A darne notizia è “Il Fatto Quotidiano” che ha evidenziato come la “pista” non sia comunque una novità nell’ambito delle indagini sull’eccidio. La Procura della Repubblica di Bologna, infatti, l’aveva esclusa nel 2017, ma la Procura generale vuole comunque andare fino in fondo su quelle movimentazioni per capire se il denaro sia stato utilizzato per finanziare gli attentatori.
Se così fosse è plausibile che Gelli, oltre ad aver “depistato” come dicono le sentenze, sarebbe stato il mandante, o uno dei mandanti, della strage alla stazione.

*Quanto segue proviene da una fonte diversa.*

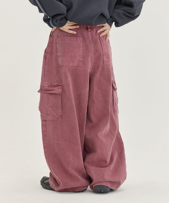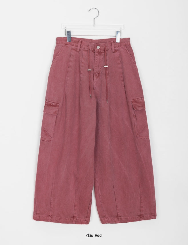 [BAONHAUS]デンロッドピンタックピグメントカーゴバルーンパンツ

Un dato di cui l’Associazione fra i familiari delle vittime è fermamente convinta tanto che nel 2015 consegnò in un esposto un documento, intitolato “Bologna Bologna - 525779 - X.S.” e relativo a un conto aperto dal venerabile alla Ubs di Ginevra, proveniente dal fascicolo del processo per il crac del Banco Ambrosiano di Roberto Calvi.
Ed è da questo che l’Avvocato generale di Bologna Alberto Candi e il sostituto procuratore generale Nicola Proto, titolari dell’inchiesta, sono ripartiti.

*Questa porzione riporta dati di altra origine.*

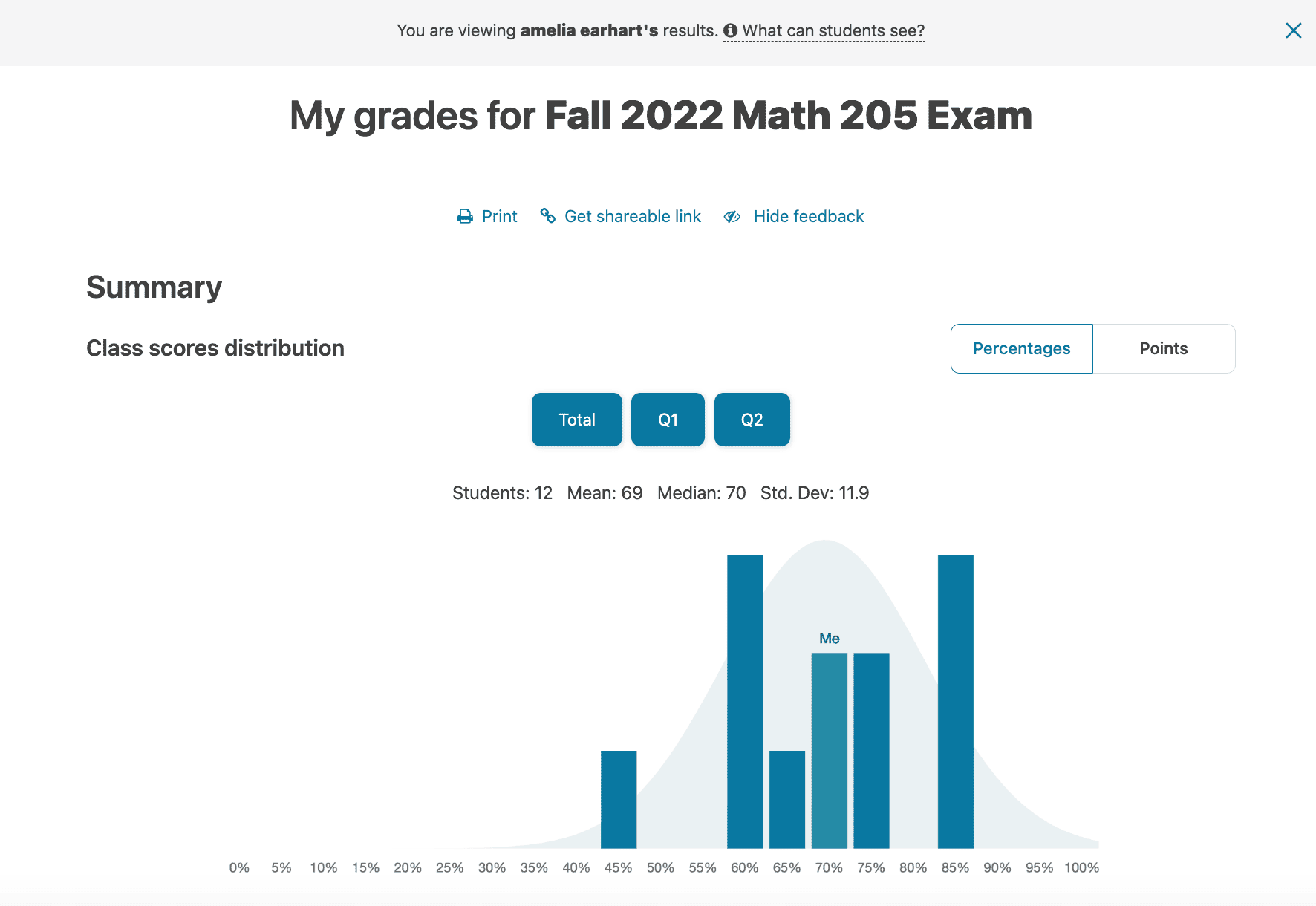 Click the Score link for the student under the three dots menu on the far right. The student’s view of their graded work will appear.

Nella richiesta di archiviazione della Procura di Bologna per l’inchiesta sui “mandanti occulti”, avevano scritto che “nessun elemento concreto è emerso per fondare l’ipotesi di un finanziamento oggettivamente e soggettivamente indirizzato alla commissione della strage proveniente da Licio Gelli, Umberto e Mario Ortolani, specificamente individuabile, rintracciabile e documentabile”. E sul documento “Bologna - 525779 - X.S.” agli atti del processo sul crac del Banco Ambrosiano scrivevano che “non ha evidenziato alcun elemento che riconduca la destinazione di tali somme al gruppo Ordine Nuovo diretto da Maggi e/o al gruppo Fioravanti, Mambro, Ciavardini, Cavallini”.
Gli ex Nar Fioravanti e Mambro, per la strage, furono condannati in via definitiva all’ergastolo mentre nel 2007 è stato condannato Ciavardini a 30 anni. In primavera si aprirà un altro processo contro Gilberto Cavallini, 65 anni, ergastolano in semi-libertà, anch’egli ex Nar, accusato di aver dato supporto logistico agli autori dell’eccidio alla stazione.
Ma furono solo loro ad agire?
Certo è che Licio Gelli negli anni Novanta, seppur assolto da varie altre accuse, fu condannato per calunnia aggravata dalle finalità di depistaggio insieme al faccendiere legato al Sismi e alla massoneria Francesco Pazienza, al generale piduista del Sismi Pietro Musumeci che era membro della P2 e al colonnello Pietro Belmonte, scomparso nel 1988, che non apparteneva alla P2 ma figura in un rapporto sulle logge bolognesi.
Oggi la Procura generale, sulla base di elementi ancora coperti da segreto, rilancia nella speranza che la rogatoria in Svizzera dia qualche nuovo risultato.